Excerpted records Start Marker
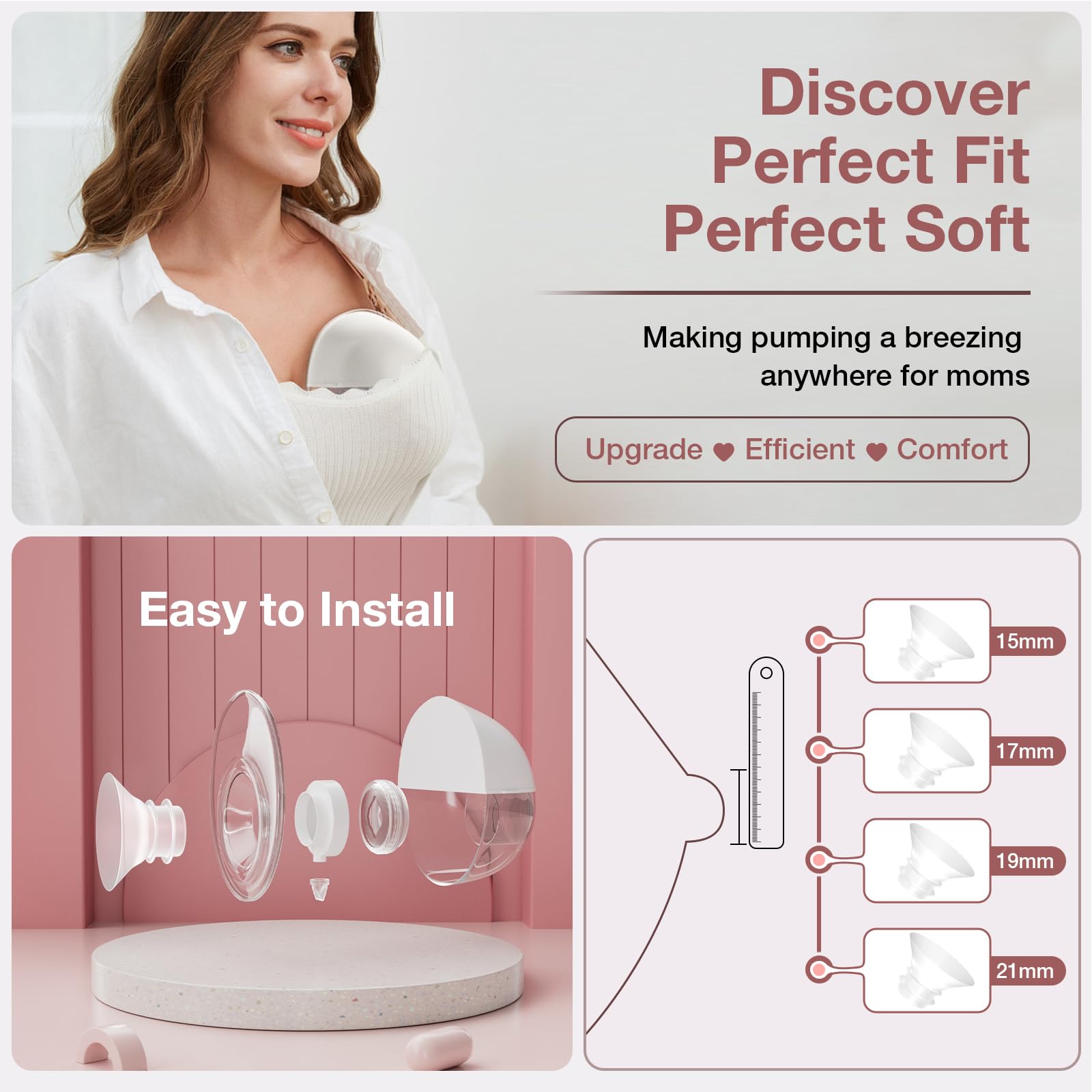 ✅【Upgraded Flange Tunnel 】The newly upgraded 15mm short flange tunnel facilitates faster flow of breast milk into the container and preventing backflow. Some mothers have the experience of nipple swelling while milking, It may be due to frequent use of excessively long flange tunnel. So we have improved the design to reduce friction and discomfort of the nipple in the flange tunnel.
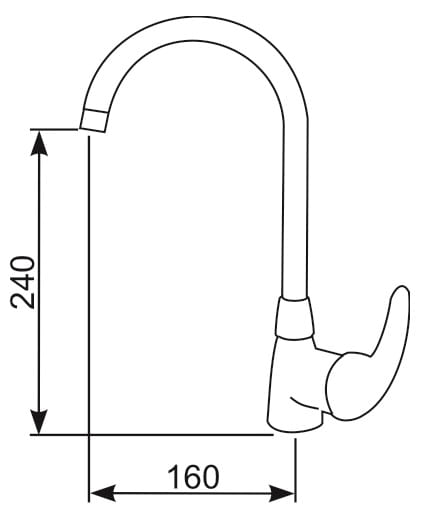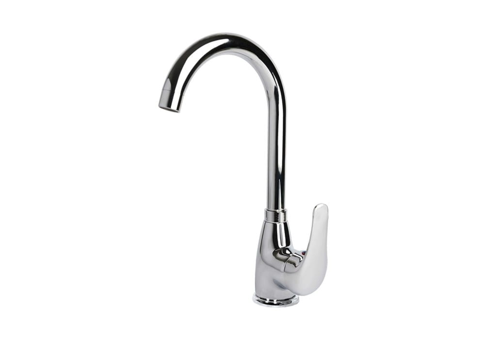 Bateria zlewozmywakowa stojąca, jednootworowa, jednouchwytowa z mieszaczem ceramicznym Ø 40. Wylewka obrotowa. W komplecie dwa elastyczne wężyki przyłączeniowe w oplocie stalowym z końcówką 3/8″.
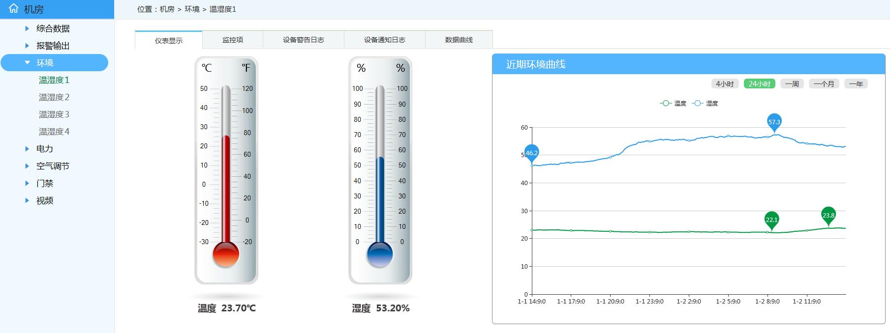客戶需求:機房內精密空調監測,水浸監測,溫濕度監測;配電房蓄電池溫度、內阻、電壓、電流監測,UPS電流電壓功率因素等參數實時監測;消防系統、門禁系統視頻接入到動環系統。
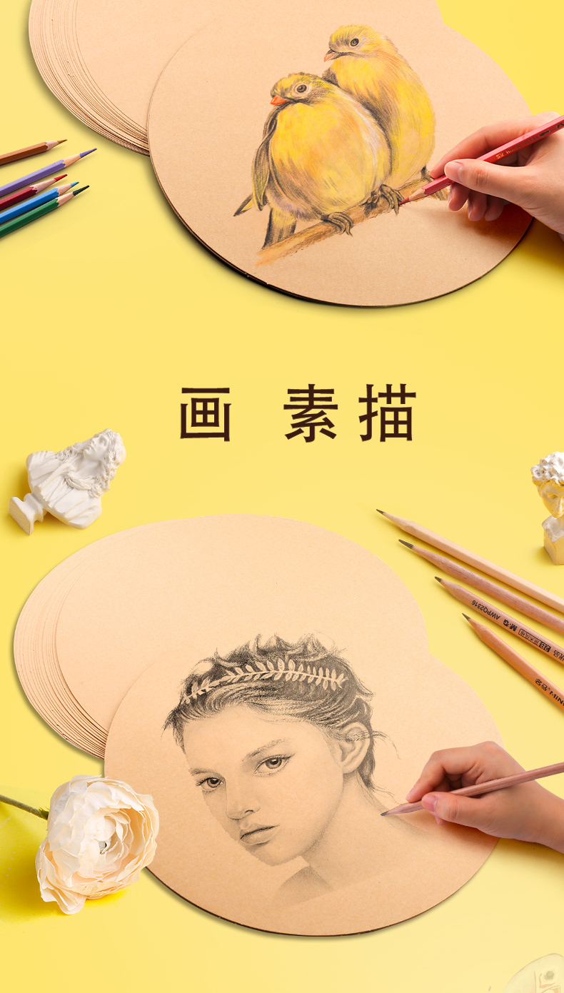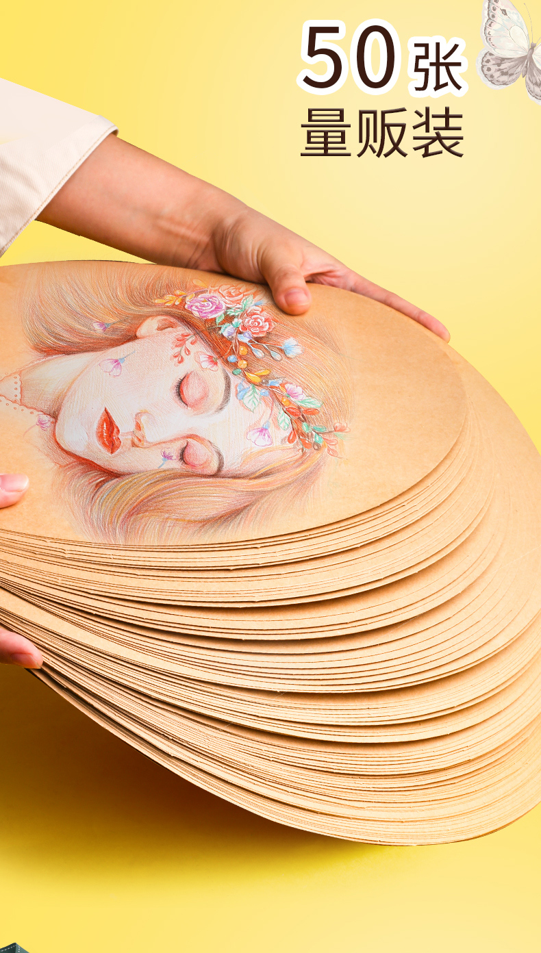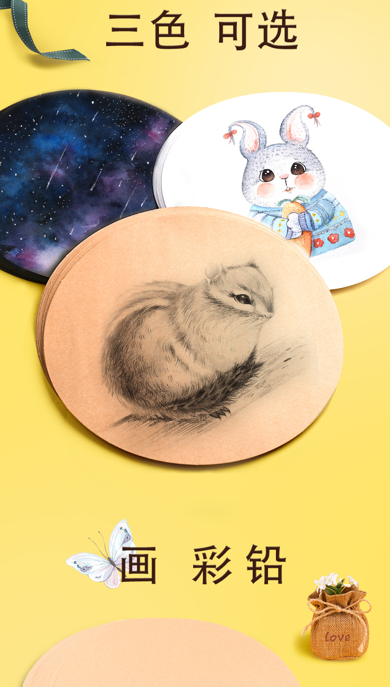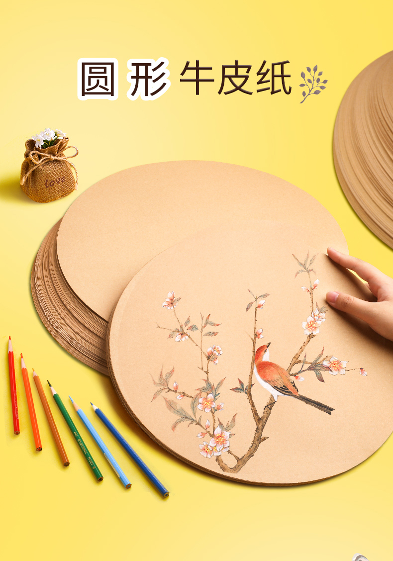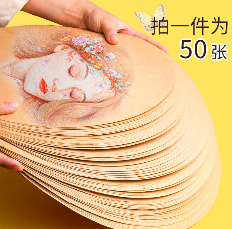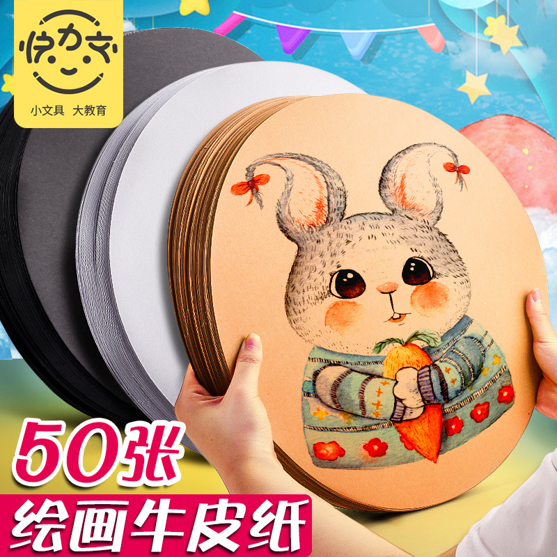 50张圆形牛皮纸加厚画画用美术画纸绘画彩铅水粉素描业手绘卡
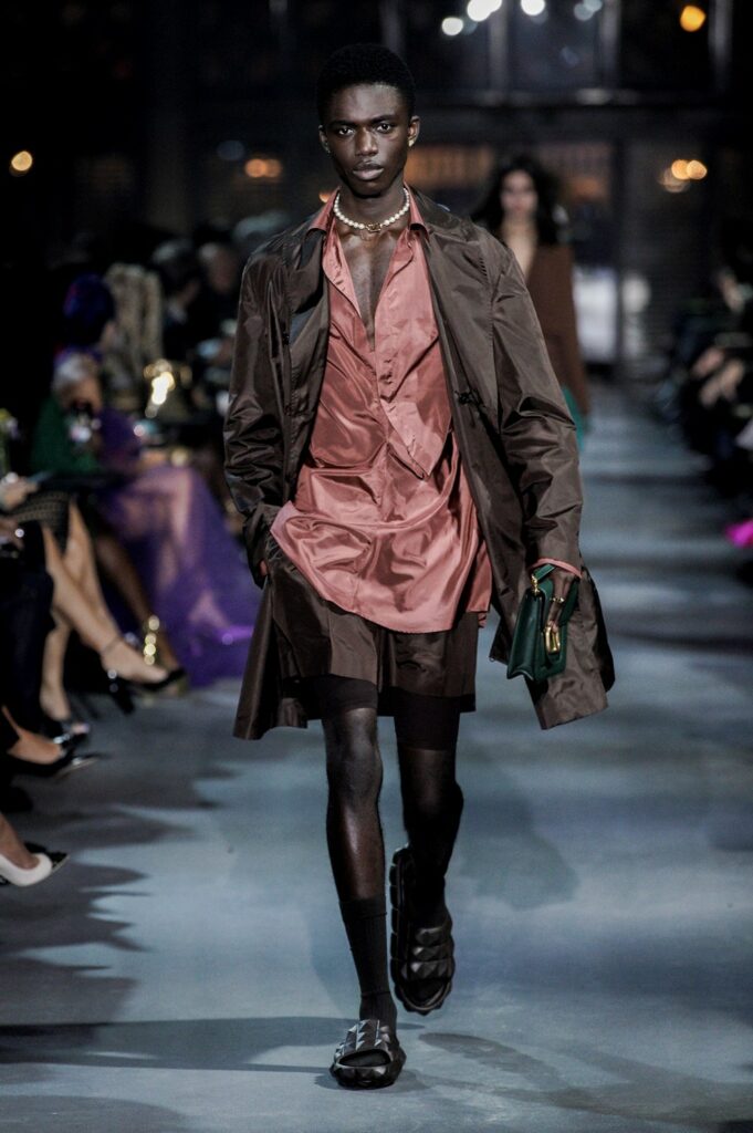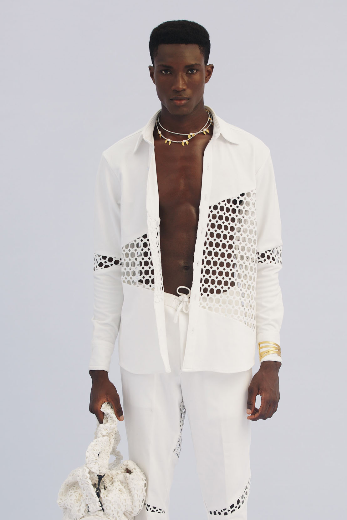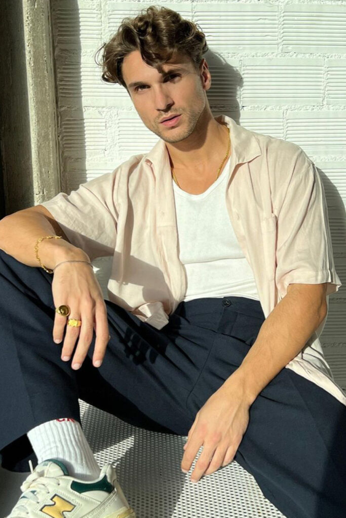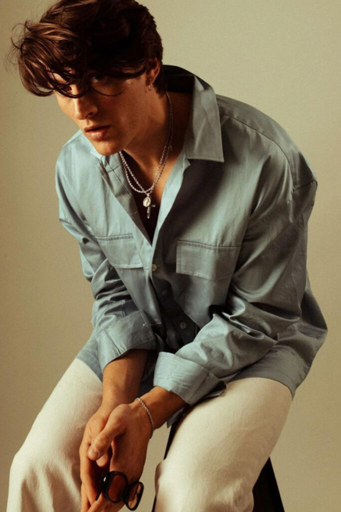 The Shirt used to be the staple of the office wardrobe and was quickly exchanged to the T-Shirt after work. But as consumer lifestyles have changed, so has the positioning of the Men’s Shirt. While the classic Men’s Shirt is highly adapted by the womenswear market, men are looking past the traditional piece. With innovative and more comfortable choices of design and materials, the shirt is now a leisure essential. Easy, breezy qualities are a must for successful SS23 shirts. From openwork to knit, fluid satins or breathable linens, shirts are prepping consumers for upcoming heatwaves. Overall, a distinct retro vibe is influencing the category. From nostalgic handkerchief styles and country club athleisure looks to romantic stripes upgrades. Most favored are airy boxy shapes, as well as more fitted fluid styles that increasingly approach the male silhouette.
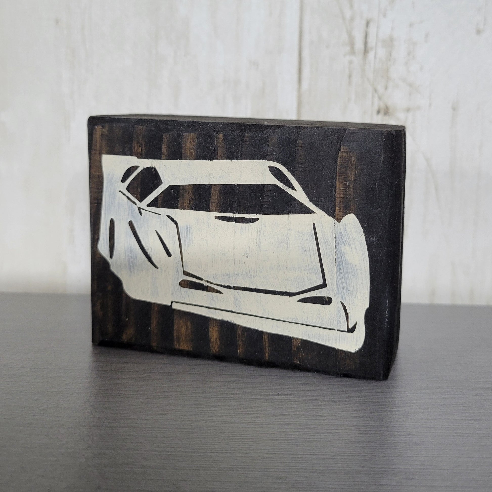 Measures approximately 3.25 x 2.5 x 1.25 inches. One available. Sign in photo is the one you will receive. Made of pine.
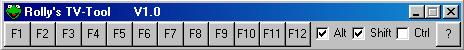 Rolly's TV-Tool connects F-Keys of the keyboard with wav files. Press of a function key plays the wav file. This is also working when the main window is minimized. Work as a german showmaster!
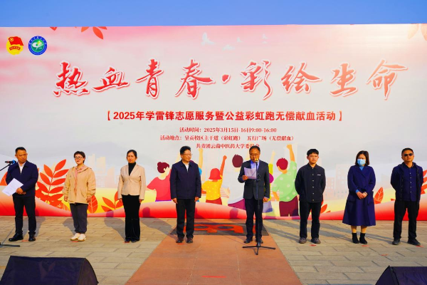 云中讯(校团委)3月15日至16日,校团委和昆明市血液中心联合在我校呈贡校区举办“学雷锋志愿服务月”暨校园公益彩虹跑·无偿献血活动。校党委副书记杨鹤清,云南昆明血液中心党委书记李小天,呈贡区卫健局局长李争容,呈贡团区委副书记李春杨,学工部部长王梅,研工部部长王文静,保卫处处长秦红军等领导嘉宾出席活动。各学院团委(团总支)书记、青年学生,共计近千余名师生以青春之名传递生命温度。
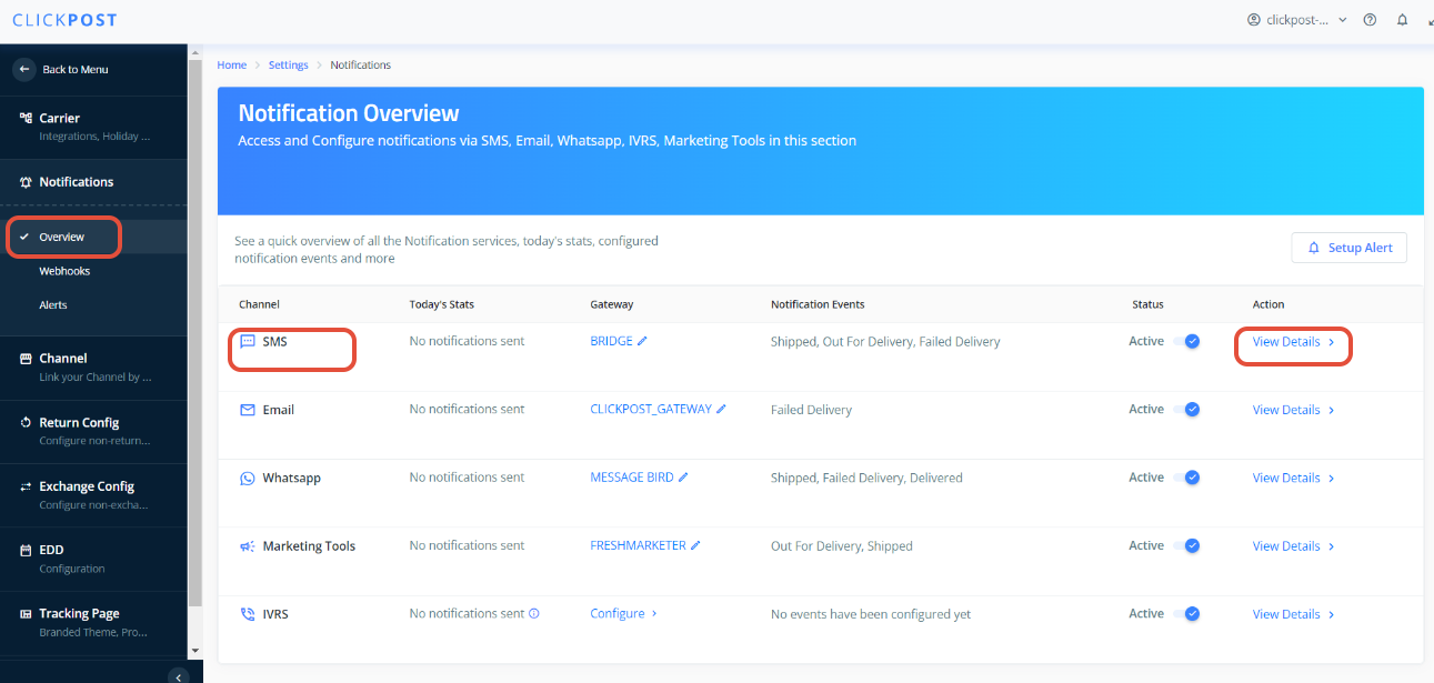 - Account(s) : Courier Partner accounts for which you want to enable the SMSs
Excerpted records End Marker
Give back the entries verbatim. Do not include any picture.

 ✅【Upgraded Flange Tunnel 】The newly upgraded 15mm short flange tunnel facilitates faster flow of breast milk into the container and preventing backflow. Some mothers have the experience of nipple swelling while milking, It may be due to frequent use of excessively long flange tunnel. So we have improved the design to reduce friction and discomfort of the nipple in the flange tunnel.
 Bateria zlewozmywakowa stojąca, jednootworowa, jednouchwytowa z mieszaczem ceramicznym Ø 40. Wylewka obrotowa. W komplecie dwa elastyczne wężyki przyłączeniowe w oplocie stalowym z końcówką 3/8″.
客戶需求:機房內精密空調監測,水浸監測,溫濕度監測;配電房蓄電池溫度、內阻、電壓、電流監測,UPS電流電壓功率因素等參數實時監測;消防系統、門禁系統視頻接入到動環系統。
 50张圆形牛皮纸加厚画画用美术画纸绘画彩铅水粉素描业手绘卡
 The Shirt used to be the staple of the office wardrobe and was quickly exchanged to the T-Shirt after work. But as consumer lifestyles have changed, so has the positioning of the Men’s Shirt. While the classic Men’s Shirt is highly adapted by the womenswear market, men are looking past the traditional piece. With innovative and more comfortable choices of design and materials, the shirt is now a leisure essential. Easy, breezy qualities are a must for successful SS23 shirts. From openwork to knit, fluid satins or breathable linens, shirts are prepping consumers for upcoming heatwaves. Overall, a distinct retro vibe is influencing the category. From nostalgic handkerchief styles and country club athleisure looks to romantic stripes upgrades. Most favored are airy boxy shapes, as well as more fitted fluid styles that increasingly approach the male silhouette.
 Measures approximately 3.25 x 2.5 x 1.25 inches. One available. Sign in photo is the one you will receive. Made of pine.
 Rolly's TV-Tool connects F-Keys of the keyboard with wav files. Press of a function key plays the wav file. This is also working when the main window is minimized. Work as a german showmaster!
 云中讯(校团委)3月15日至16日,校团委和昆明市血液中心联合在我校呈贡校区举办“学雷锋志愿服务月”暨校园公益彩虹跑·无偿献血活动。校党委副书记杨鹤清,云南昆明血液中心党委书记李小天,呈贡区卫健局局长李争容,呈贡团区委副书记李春杨,学工部部长王梅,研工部部长王文静,保卫处处长秦红军等领导嘉宾出席活动。各学院团委(团总支)书记、青年学生,共计近千余名师生以青春之名传递生命温度。
 - Account(s) : Courier Partner accounts for which you want to enable the SMSs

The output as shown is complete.